The precise mechanisms that lead to PPCM are not fully known. Several risk factors and possible underlying pathological processes have received attention, such as abnormal autoimmune responses, apoptosis, and impaired cardiovascular microvasculature. Recent work into the pathogenesis of PPCM has shown involvement of a cascade with oxidative stress, the prolactin-cleaving protease cathepsin D, and the nursing hormone prolactin, which may lead to a target for a disease-specific therapy, namely pharmacological blockade of prolactin by bromocriptine. In addition, involvement of cardiac angiogenic imbalance may explain why PPCM is a disease seen in late pregnancy and why pre-eclampsia and multiple gestation are important risk factors. Peripartum cardiomyopathy is probably caused by a complex interaction of more than one pathogenic mechanism. The large variation in incidence and clinical characteristics may reflect the involvement of specific mechanisms, or combinations thereof, in certain subgroups of PPCM.

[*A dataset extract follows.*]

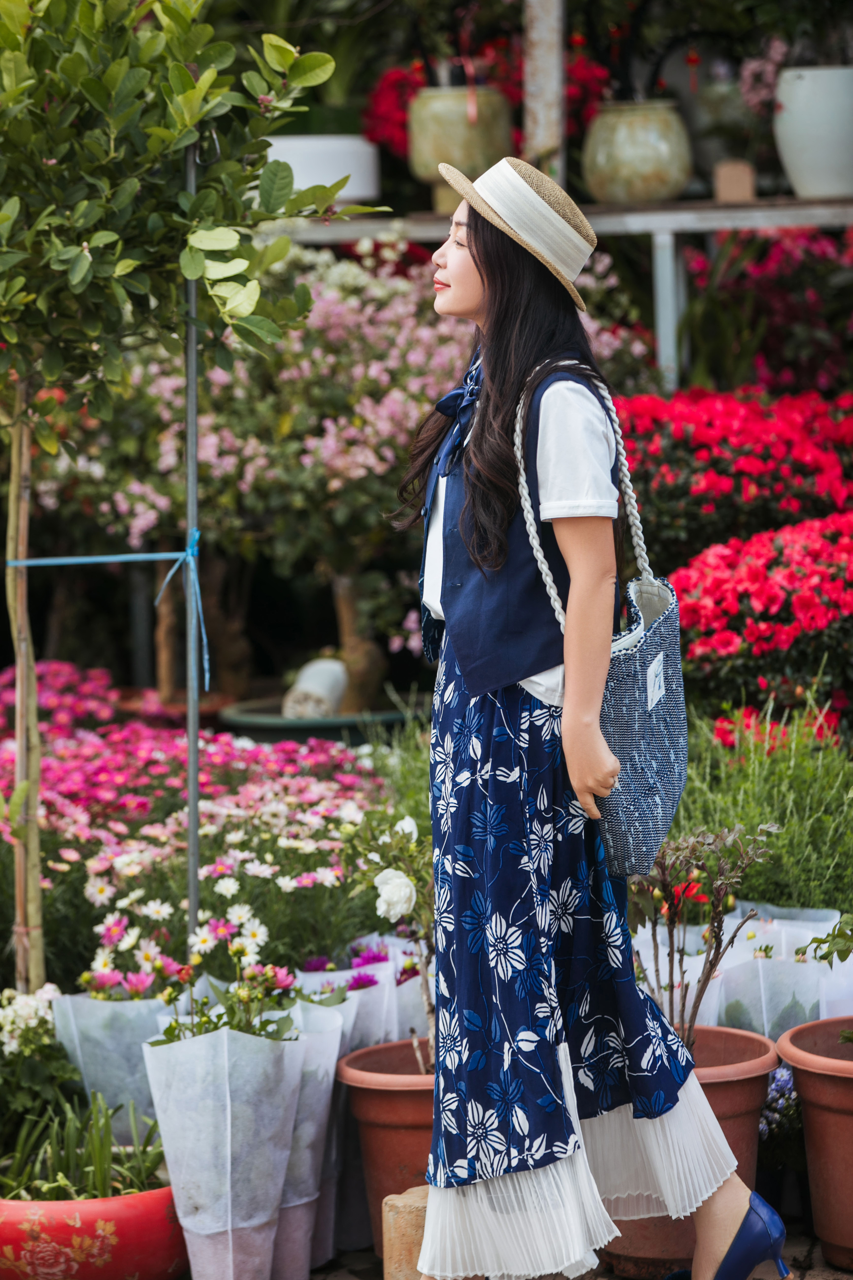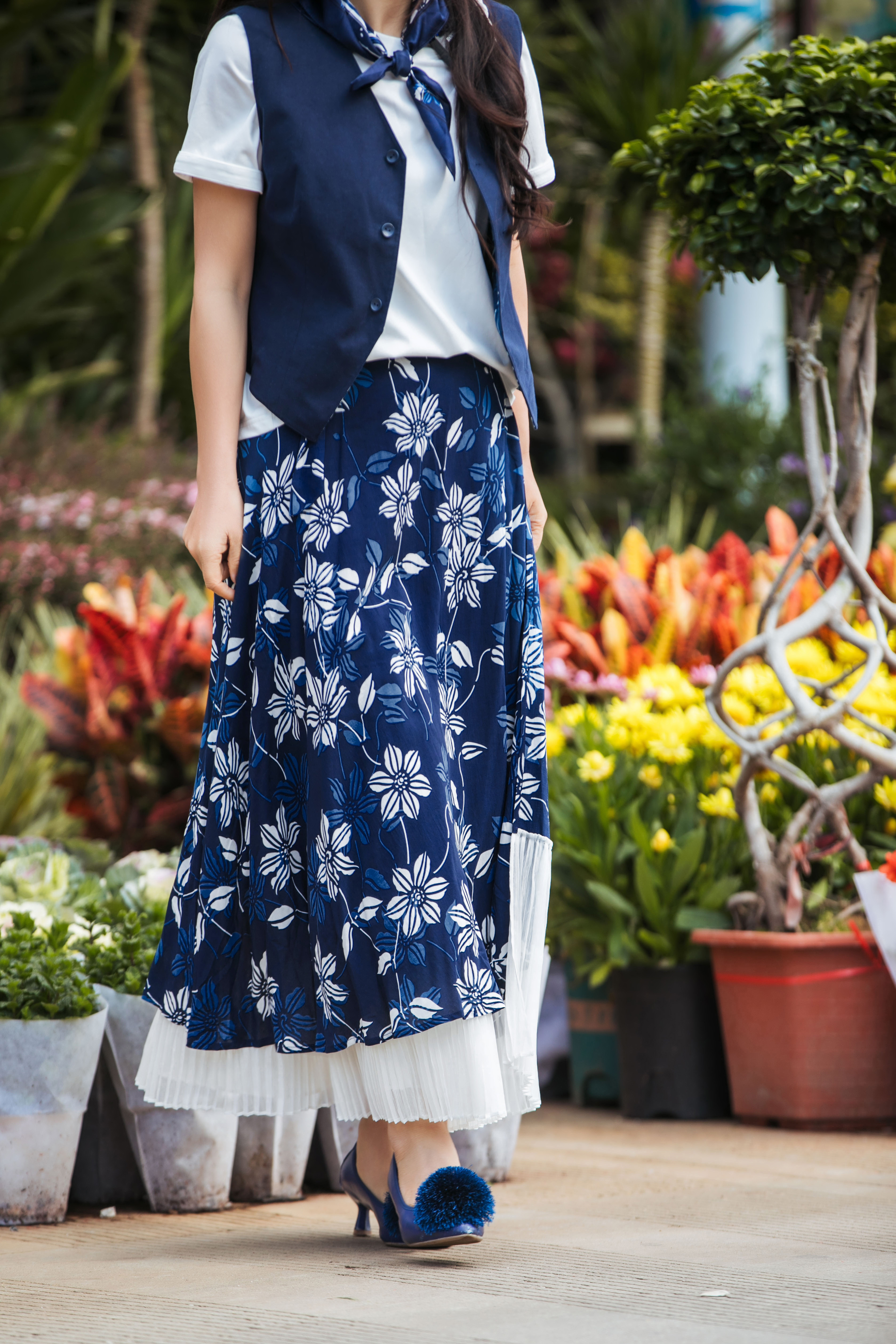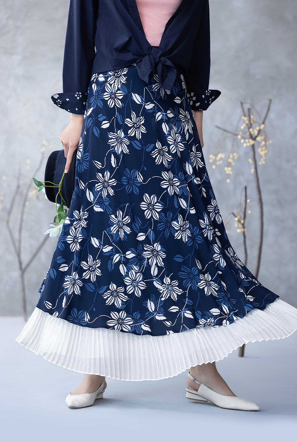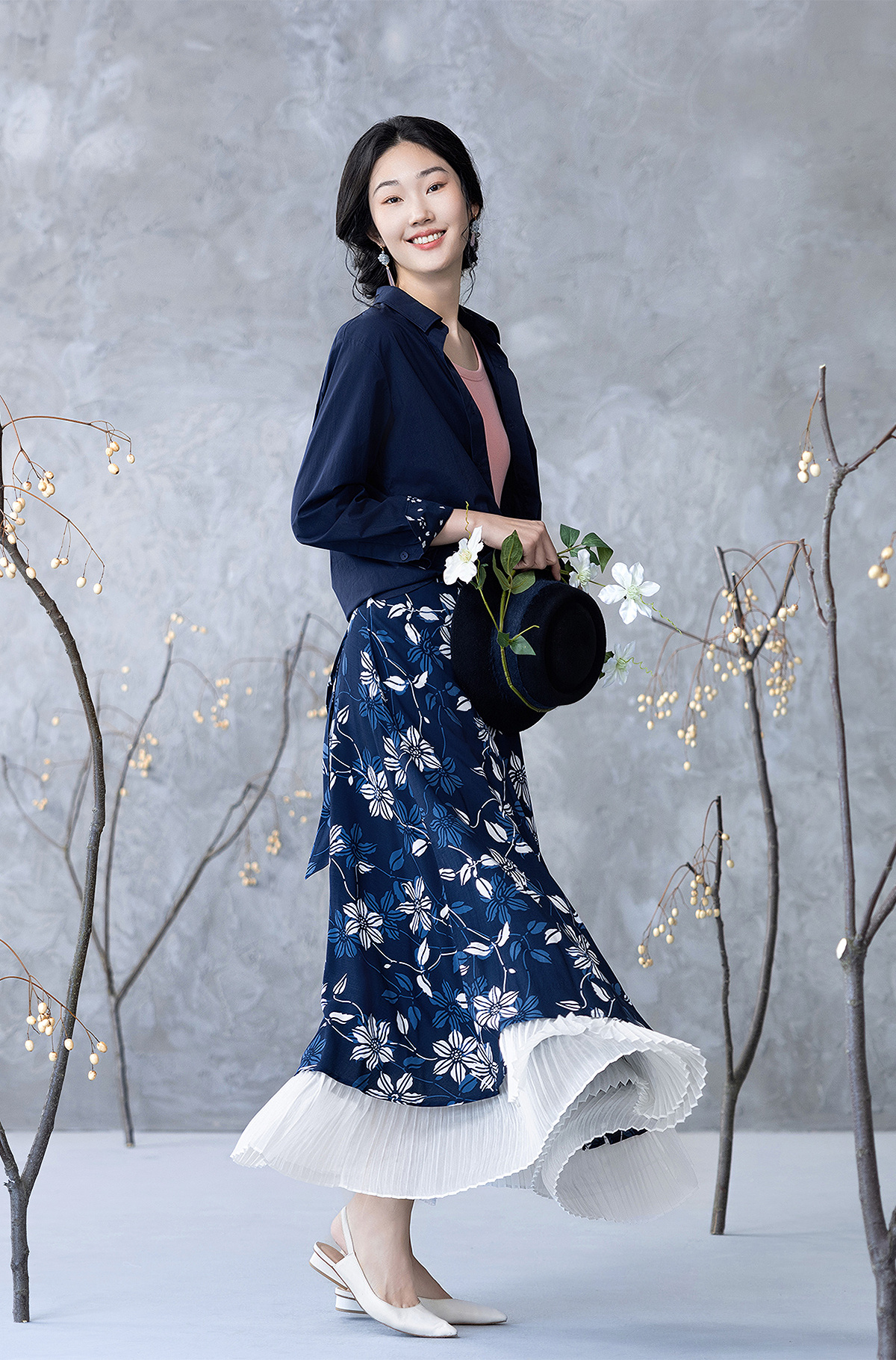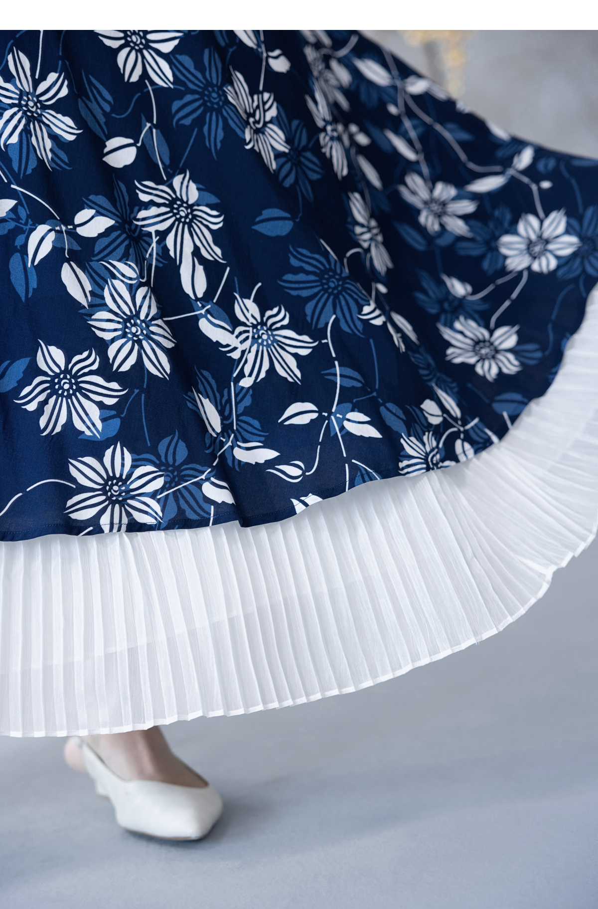 【林栖设计小店】【多种穿法】(部分尺码现货)传统蓝印花铁线莲花纹半身裙一片式系带宽松层次感2025夏季新品裙子女1952130

We and others recently reported that PPCM can be an initial manifestation of familial dilated cardiomyopathy (DCM), indicating that, at least in a subset of cases, genetic predisposition plays a role in the pathophysiology of pregnancy-associated heart failure. Accordingly, Haghikia et al. reported a positive family history for cardiomyopathy in 16.5% (19 of 115) of PPCM cases from a German PPCM cohort. So far, eight cases with underlying mutations in DCM-related genes have been published and several other cases with familial occurrences of PPCM and DCM, as well as familial clustering of PPCM, have been reported. Here, we describe our extensive genetic analysis using next-generation sequencing (NGS) technology to identify potentially causal mutations in families with both PPCM and DCM from various parts of the world.